An exact transcription of all the records below is required, without any images.

Saved entries:
====

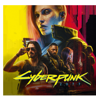
2020 - PC, Xbox One, PS4, Stadia 2022 – Xbox Series XIS, PS5
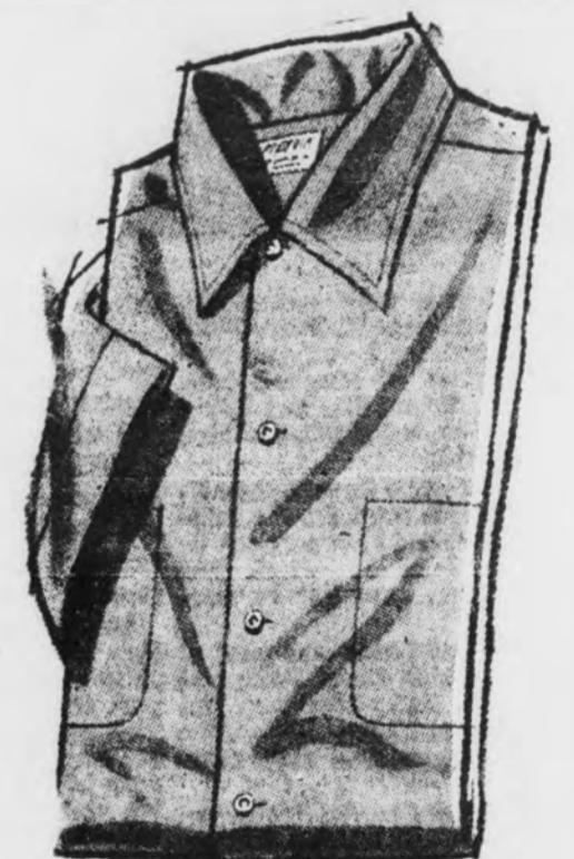
SPORT & KNIT

Be sure you do not miss this dazzling array of truly great values!
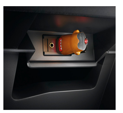
1. See footnote 6 in Disclosures section. 2. See footnote 7 in Disclosures section.

Yaris is available with this sporty leather-trimmed shift lever. You'll also find a standard auxiliary audio jack and a USB port¹ with iPod®² connectivity, so you can plug in your iPod® or other compatible digital music player and enjoy MP3/WMA playback capability.
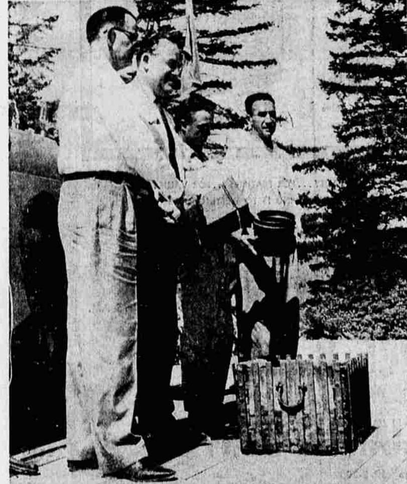
UNITING THE STATES — Officials from California and Nevada pour soil from their states into an old Wells-Fargo strongbox during ceremonies held Friday to launch reconstruction work on nearly 23 miles of the Redwood highway in Del Norte county.

====

### FINAL ANSWER:
2020 - PC, Xbox One, PS4, Stadia 2022 – Xbox Series XIS, PS5
SPORT & KNIT

Be sure you do not miss this dazzling array of truly great values!
1. See footnote 6 in Disclosures section. 2. See footnote 7 in Disclosures section.

Yaris is available with this sporty leather-trimmed shift lever. You'll also find a standard auxiliary audio jack and a USB port¹ with iPod®² connectivity, so you can plug in your iPod® or other compatible digital music player and enjoy MP3/WMA playback capability.
UNITING THE STATES — Officials from California and Nevada pour soil from their states into an old Wells-Fargo strongbox during ceremonies held Friday to launch reconstruction work on nearly 23 miles of the Redwood highway in Del Norte county.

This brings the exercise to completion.